Он нашёл в себе силы оторвать взгляд от глаз и зубов, белевших посреди кровавой маски на лице кмелта, и обернулся.
— Похоже на то, — сказал спокойней, чем ждал от себя. — Впредь моли Драта не только о силе, но и о скорости.
Рарст ухмыльнулся и опустил взгляд. Его бровь изогнулась.
— Чего не добьёшь? — спросил равнодушно — нарочито равнодушно, и тише, чем до того. Сольвейн знал, о ком и о чём он говорит. Рарста и впрямь отличался чрезмерным добродушием: он славился тем, что всегда добивал врагов, и хотя делал это порой весьма изобретательно, в его руках они никогда не мучались. Собратья барра посмеивались из-за этого у Рарста за спиной — но не в глаза, потому что не хотели нарваться на его кулаки. Рарст был непобедим в кулачном бою, что отчасти извиняло его излишнюю мягкотелость.
— Я могу сам, — предложил он, приняв молчание Сольвейна за колебание — и потянул меч из ножен привычно небрежным жестом. Сольвейн оказался быстрее, и древко секиры звякнуло о клинок Рарста.

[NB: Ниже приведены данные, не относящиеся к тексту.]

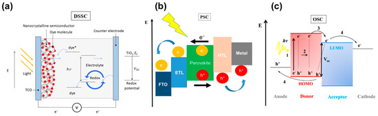 Solar cells are electronic devices for converting the sun’s energy directly into electricity. Generally, a solar cell comprises a semiconductor with a photovoltaic effect once illuminated. In terms of DSSC, the mechanism of the photovoltaic device includes three steps: light adsorption, charge production, and charge transport. Notably, the first process is the light adsorption of the dye molecule to change the excited state (dye*), after which this dye provides electrons for the conduction band of the semiconductor, accompanied by the oxidation process of dye*. Then, the injected electrons will move to the photoanode before transferring to CE through an external circuit, as shown in Figure 2a [58]. In terms of PSC, this device generally includes five parts: FTO (Fluorine-doped Tin Oxide) glass as a conductive substrate, an electron transfer layer (ETL), a hole transfer layer (HTL), a perovskite layer, along with a metal electrode. PSC’s operation may be broken down into three steps: light adsorption and production of excitons, electron-hole separation, and charge transfer process. In particular, the perovskite layer will absorb solar energy to create electrons in the conduction band and holes in the valance band. The electrons then move to ETL before being transported to the anode, whereas the holes flow to HTL before being transferred to the cathode (Figure 2b) [59]. The process includes four steps for OSC’s working principle: light adsorption/electron-hole pairs production, charge diffusion, charge dissociation, and charge transport to the electrodes, as shown in Figure 2c [60]. In particular, when a p-type material absorbed solar energy, electrons will be excited from the highest occupied molecular orbital (HOMO) to the lowest unoccupied molecular orbital (LUMO). Then these electrons will move to the LUMO of the acceptor before transferring into the cathode. Simultaneously, holes will move to the anode of the OSC device. Overall, the power conversion efficiency (η) is linked to three parameters: the open-circuit voltage (Voc), short circuit current density (Jsc), and fill factor (FF) following the formula η = Voc × Jsc × FF × Pinput.
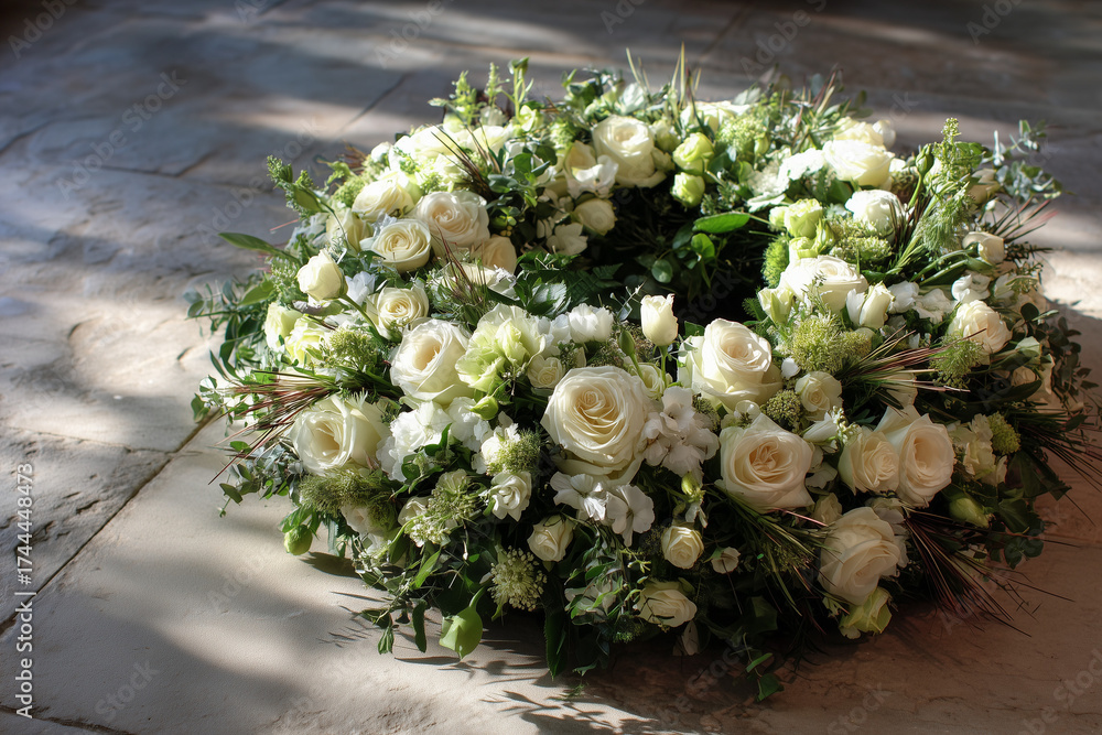 Corona de flores blancas y crema con follaje verde sobre superficie de piedra. Arreglo ceremonial para homenajes, funerales o actos conmemorativos que evocan respeto, paz y belleza natural. #1744448473

Добряк вскинул на него удивлённый взгляд. Сольвейн встретил этот взгляд, проклиная себя за то, что остановил собрата. Впрочем, кому, как не Огненному Драту, было видней, кто из них двоих заслуживал в тот миг большего проворства?
Это решило дело.
— Я возьму его, — сказал Сольвейн.
Удивление на лице Рарста сменилось понимающей ухмылкой. Он отступил, пряча меч в ножны, манул рукой и пошёл прочь — ему надо было ещё успеть поживиться, пока собратья не окончательно разорили селение. Сольвейн обернулся к мальчишке.
Тот всё ещё цеплялся за его сапог. И Сольвейн понял внезапно, что он пытается достать до меча.

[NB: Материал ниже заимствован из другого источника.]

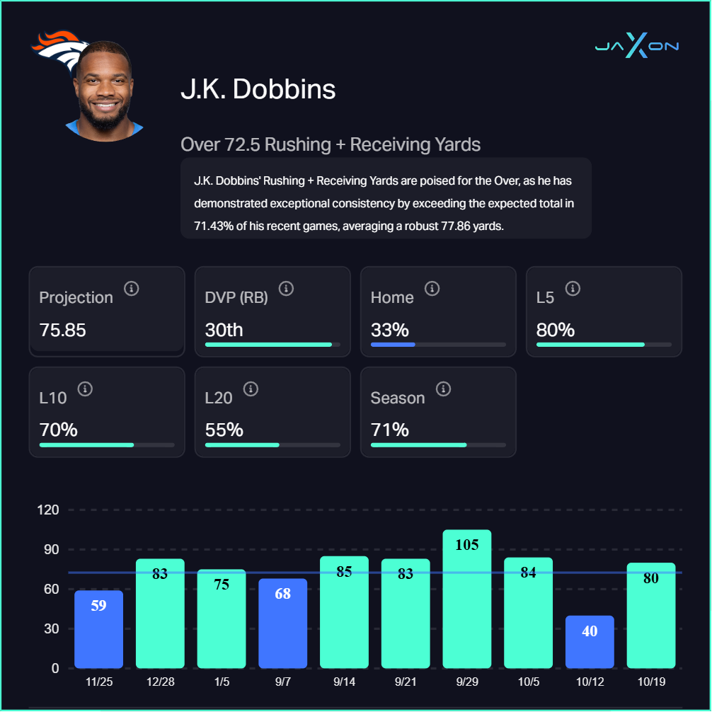 Dobbins is averaging nearly 78 total yards per game and has cleared this mark in four of his last five outings. When Denver plays at home, his usage spikes even higher, with an average north of 84 yards.
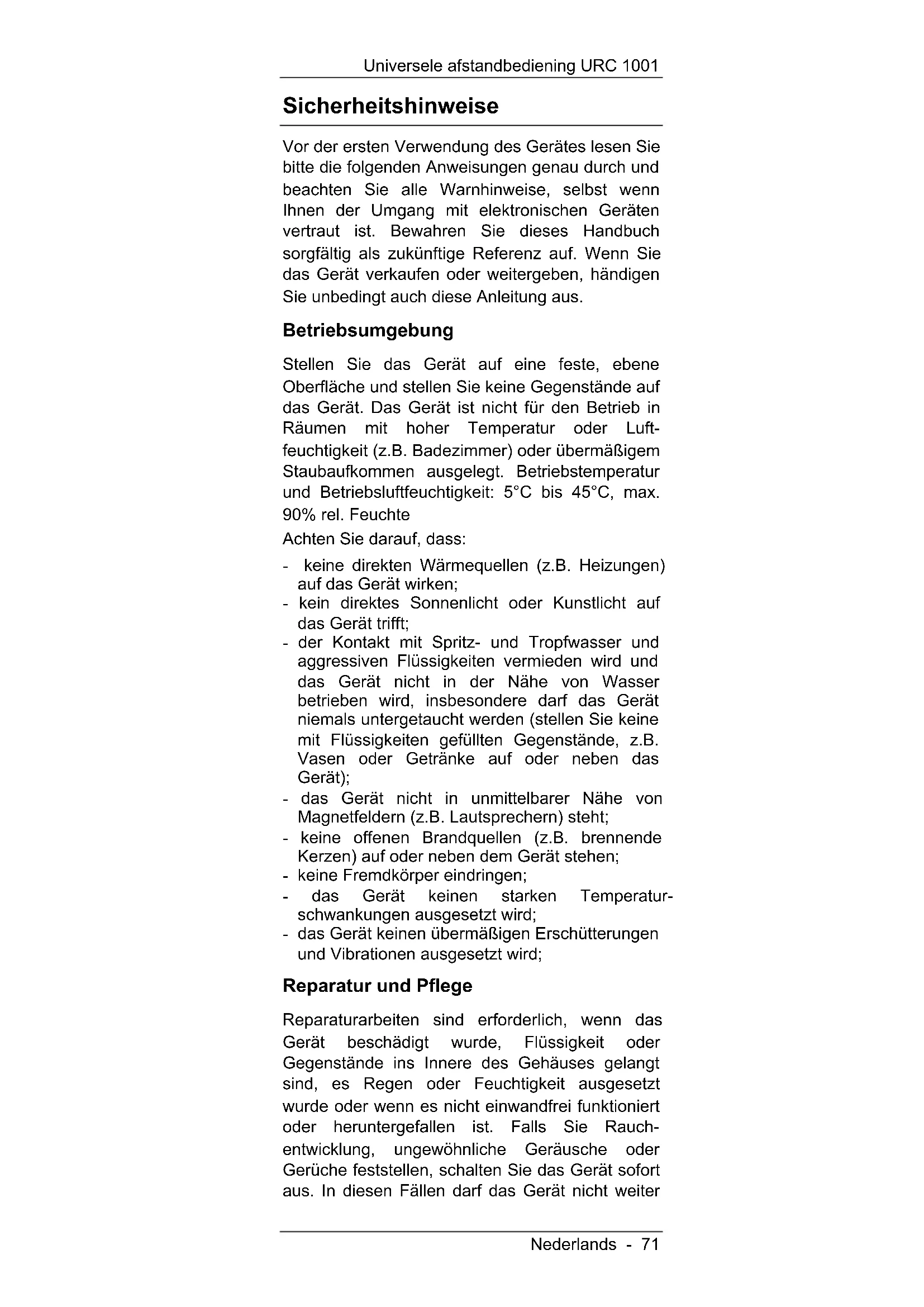 - Gerätecodes Universele afstandbediening URC 1001 Nederlands - 71 Sicherheitshinweise Vor der ersten Verwendung des Gerätes lesen Sie bitte die folgenden Anweisungen genau durch und beachten Sie alle Warnhinweise, selbst wenn Ihnen der Umgang mit elektronischen Geräten vertraut ist. Bewahren Sie dieses Handbuch sorgfältig als zukünftige Referenz auf. Wenn Sie das Gerät verkaufen oder weitergeben, händigen Sie unbedingt auch diese Anleitung aus. Betriebsumgebung Stellen Sie das Gerät auf eine feste, ebene Oberfläche und stellen Sie keine Gegenstände auf das Gerät. Das Gerät ist nicht für den Betrieb in Räumen mit hoher Temperatur oder Luft- feuchtigkeit (z.B. Badezimmer) oder übermäßigem Staubaufkommen ausgelegt. Betriebstemperatur und Betriebsluftfeuchtigkeit: 5°C bis 45°C, max. 90% rel. Feuchte Achten Sie darauf, dass: - keine direkten Wärmequellen (z.B. Heizungen) auf das Gerät wirken; - kein direktes Sonnenlicht oder Kunstlicht auf das Gerät trifft; - der Kontakt mit Spritz- und Tropfwasser und aggressiven Flüssigkeiten vermieden wird und das Gerät nicht in der Nähe von Wasser betrieben wird, insbesondere darf das Gerät niemals untergetaucht werden (stellen Sie keine mit Flüssigkeiten gefüllten Gegenstände, z.B. Vasen oder Getränke auf oder neben das Gerät); - das Gerät nicht in unmittelbarer Nähe von Magnetfeldern (z.B. Lautsprechern) steht; - keine offenen Brandquellen (z.B. brennende Kerzen) auf oder neben dem Gerät stehen; - keine Fremdkörper eindringen; - das Gerät keinen starken Temperatur- schwankungen ausgesetzt wird; - das Gerät keinen übermäßigen Erschütterungen und Vibrationen ausgesetzt wird; Reparatur und Pflege Reparaturarbeiten sind erforderlich, wenn das Gerät beschädigt wurde, Flüssigkeit oder Gegenstände ins Innere des Gehäuses gelangt sind, es Regen oder Feuchtigkeit ausgesetzt wurde oder wenn es nicht einwandfrei funktioniert oder heruntergefallen ist. Falls Sie Rauch- entwicklung, ungewöhnliche Geräusche oder Gerüche feststellen, schalten Sie das Gerät sofort aus. In diesen Fällen darf das Gerät nicht weiterUniversele afstandbediening URC 1001 p. 103
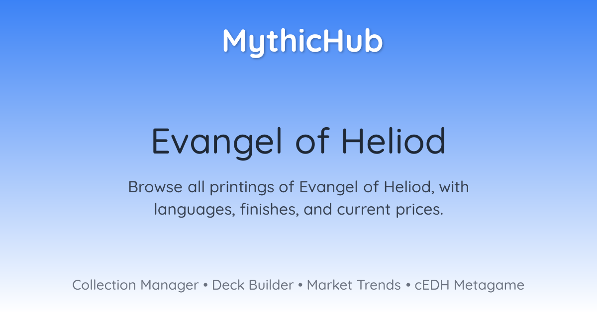 Browse all printings of Evangel of Heliod, with languages, finishes, and current prices.
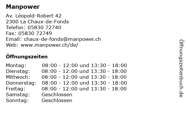 | Öffnungszeiten Manpower in La Chaux-de-Fonds anzeigen | |
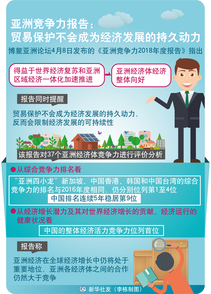 【香港商报网讯】根據博鰲亞洲論壇2018年會發布的亞洲競爭力報告,中國在亞洲經濟體綜合競爭力評估指數排名連續5年穩居第九位。博鰲亞洲論壇2018年年會新聞發布會暨旗艦報告發布會昨日舉行,會上發布了《亞洲經濟一體化報告》、《新興經濟體報告》、《亞洲競爭力報告》三大學術報告。《亞洲競爭力2018年度報告》指出,得益於世界經濟復蘇和亞洲區域經濟一體化加速推進,亞洲經濟體經濟整體向好。報告同時提醒,貿易保護不會成為經濟發展的持久動力,反而會限制經濟發展的可持續性。

Фыркнув, Сольвейн наклонился и вздёрнул мальчишку на ноги. Тот рванулся, захрипел и повалился вперёд, прямо на державшего его воина. Проклятье! Сольвейн отстранил кмелта от себя, осмотрел, пытаясь определить, где рана. Это оказалось нелёгким делом, потому что парень был в крови с головы до ног — и если вся она принадлежала ему, Сольвейн не успеет даже донести его до лагеря. Но, как бы там ни было, разбираться с этим следовало не здесь.
Без малейшего усилия Сольвейн оторвал мальчишку от земли и забросил себе на плечо. Тот рванулся, скребя руками по кольчуге на спине барра, с неожиданной силой пнул его коленом в грудь. Сольвейн перехватил ноги парня левой рукой и, пригнувшись, чтоб не задеть теменем притолоку, вышел во двор.
Войско Рунгара встало лагерем над деревней, в получасе езды от пепелища, у самой реки. Здесь воинам когоруна предстояло дожидаться подкрепления, которое уже две недели как вышло к ним из родного Баррада, чтобы затем соединиться и двинуться вниз по реке, к морю, а оттуда через необъятные воды к главной цели похода — к землям Бертана. Даланайский берег был лишь перемёточной базой, где барра пополняли продовольствие, а заодно почёсывали зудящие от долгого безделья руки. За последнюю неделю они разорили три кмелтские поселения, стоявшие на побережье в дне пути друг от друга. Они взяли достаточно браги, скота и женщин, чтобы продержаться ещё десять дней до прибытия кораблей когоруна Гундерда. А кому пиршества и женщины успели наскучить, изыскивали для себя другие развлечения, кто на какие горазд.